Extracted records
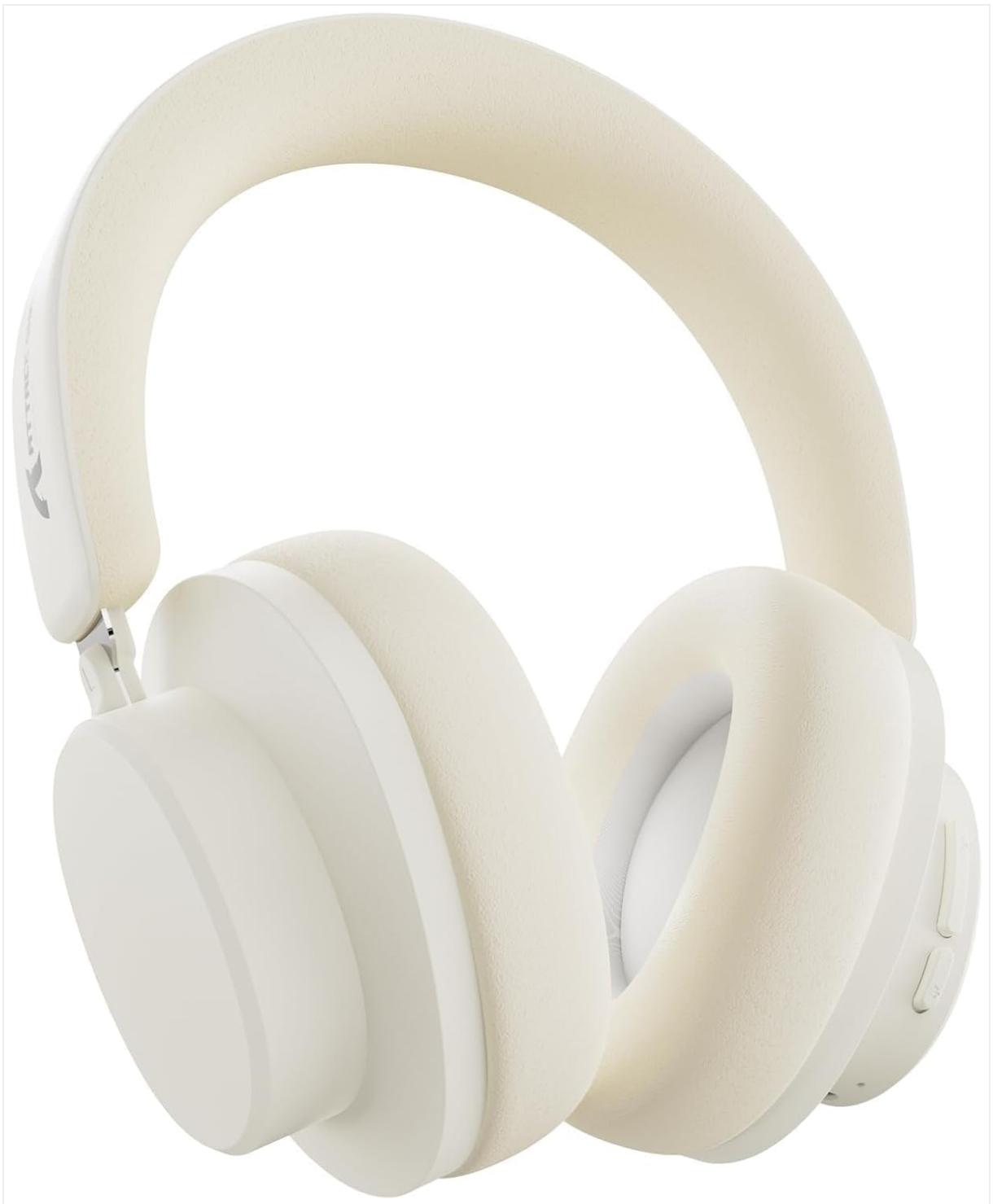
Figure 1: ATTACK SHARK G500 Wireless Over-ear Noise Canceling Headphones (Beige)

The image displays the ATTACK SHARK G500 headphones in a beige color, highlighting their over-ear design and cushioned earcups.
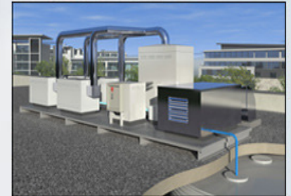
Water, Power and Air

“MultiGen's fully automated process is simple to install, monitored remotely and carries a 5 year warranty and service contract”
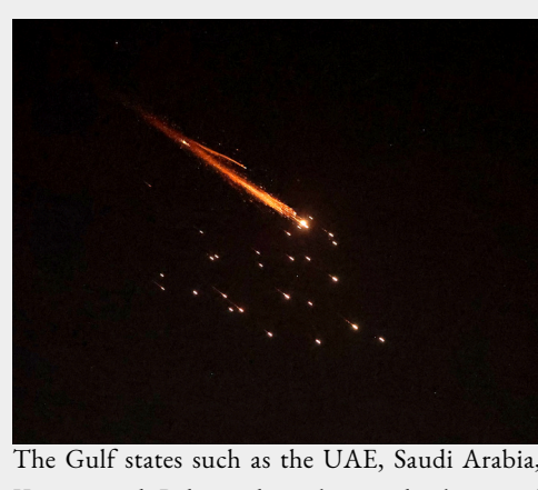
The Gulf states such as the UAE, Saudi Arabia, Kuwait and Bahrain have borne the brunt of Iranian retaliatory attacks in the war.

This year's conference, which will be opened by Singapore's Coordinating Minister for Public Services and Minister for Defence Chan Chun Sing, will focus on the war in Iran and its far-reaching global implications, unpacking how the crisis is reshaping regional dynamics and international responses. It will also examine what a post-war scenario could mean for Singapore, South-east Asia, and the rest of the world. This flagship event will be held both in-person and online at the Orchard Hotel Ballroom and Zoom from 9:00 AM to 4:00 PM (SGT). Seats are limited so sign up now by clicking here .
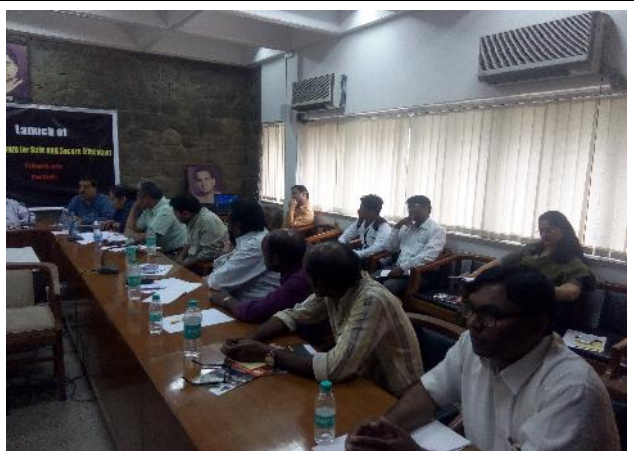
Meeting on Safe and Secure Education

==

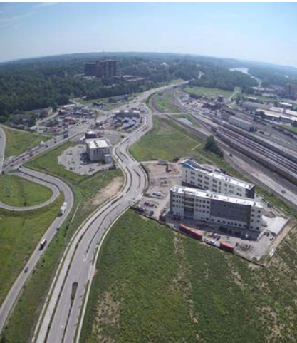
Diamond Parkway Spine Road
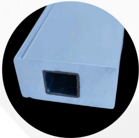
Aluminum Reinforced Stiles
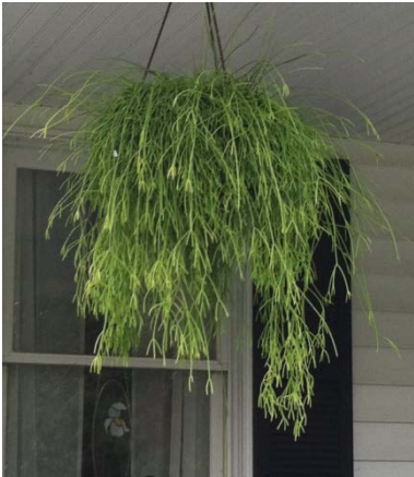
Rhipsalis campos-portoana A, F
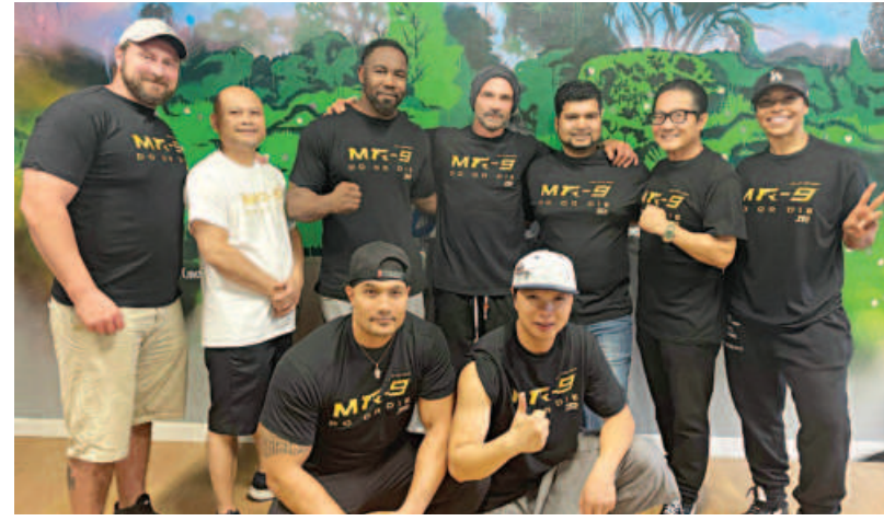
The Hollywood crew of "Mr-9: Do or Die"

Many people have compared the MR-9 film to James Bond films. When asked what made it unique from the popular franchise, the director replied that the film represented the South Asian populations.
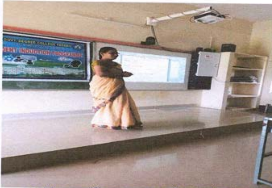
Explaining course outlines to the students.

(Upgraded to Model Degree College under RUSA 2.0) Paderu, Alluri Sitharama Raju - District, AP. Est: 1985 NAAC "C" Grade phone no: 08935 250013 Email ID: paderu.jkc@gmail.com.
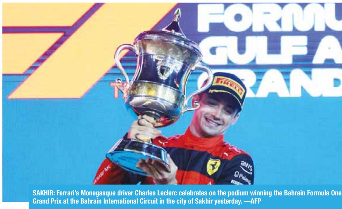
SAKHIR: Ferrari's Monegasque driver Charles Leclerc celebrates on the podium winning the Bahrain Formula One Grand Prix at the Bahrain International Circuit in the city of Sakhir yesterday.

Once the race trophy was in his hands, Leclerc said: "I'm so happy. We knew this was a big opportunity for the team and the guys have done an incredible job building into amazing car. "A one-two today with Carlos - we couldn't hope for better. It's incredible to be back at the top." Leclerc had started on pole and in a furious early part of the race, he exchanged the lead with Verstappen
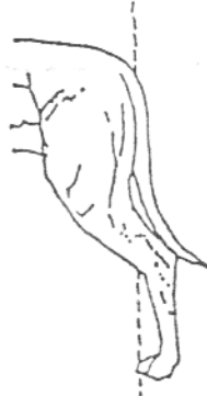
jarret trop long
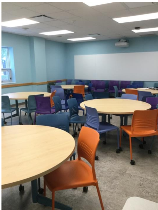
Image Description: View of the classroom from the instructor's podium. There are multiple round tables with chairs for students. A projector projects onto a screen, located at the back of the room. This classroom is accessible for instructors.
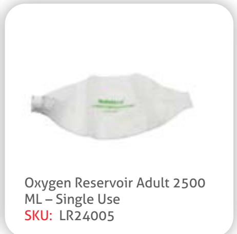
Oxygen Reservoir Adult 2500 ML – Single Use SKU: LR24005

==

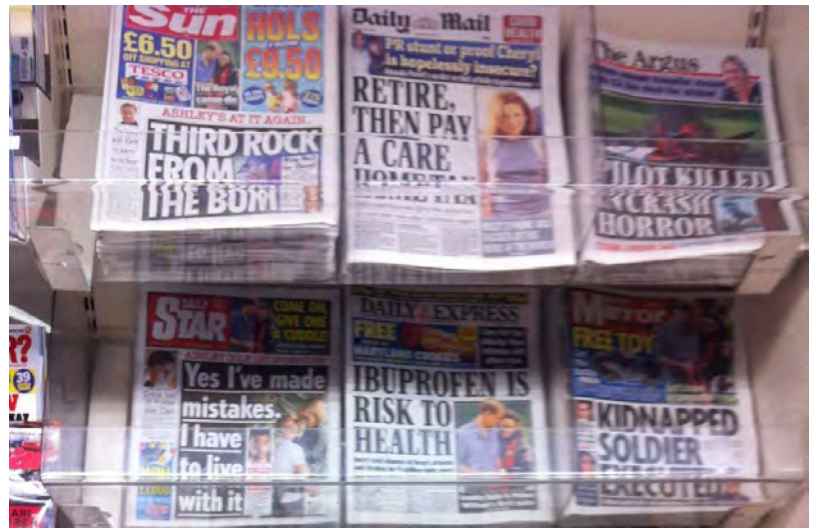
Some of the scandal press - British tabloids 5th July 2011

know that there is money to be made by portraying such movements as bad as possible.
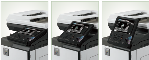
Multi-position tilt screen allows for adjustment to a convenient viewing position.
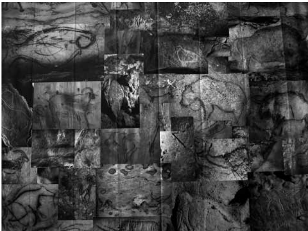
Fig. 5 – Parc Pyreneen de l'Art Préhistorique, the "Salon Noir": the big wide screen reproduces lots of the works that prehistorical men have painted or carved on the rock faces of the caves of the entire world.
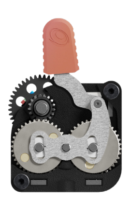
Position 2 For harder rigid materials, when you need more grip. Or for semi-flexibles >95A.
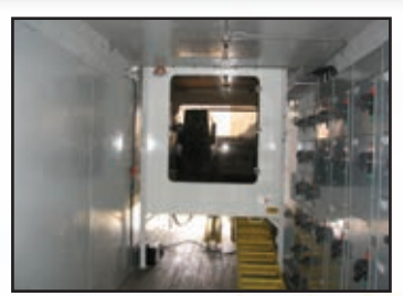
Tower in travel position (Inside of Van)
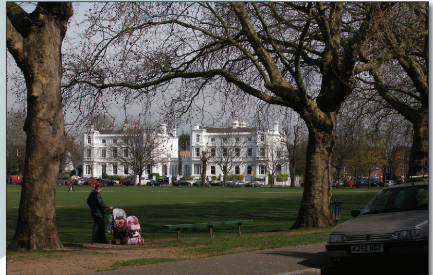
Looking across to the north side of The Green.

Your assignment ▸ Copy only this from above: the line containing "Figure 1: ATTACK", the line containing "The Gulf states", and all lines between, printed exactly. Leave out the pictures.

Response for this exercise ▸
Figure 1: ATTACK SHARK G500 Wireless Over-ear Noise Canceling Headphones (Beige)

The image displays the ATTACK SHARK G500 headphones in a beige color, highlighting their over-ear design and cushioned earcups.
Water, Power and Air

“MultiGen's fully automated process is simple to install, monitored remotely and carries a 5 year warranty and service contract”
The Gulf states such as the UAE, Saudi Arabia, Kuwait and Bahrain have borne the brunt of Iranian retaliatory attacks in the war.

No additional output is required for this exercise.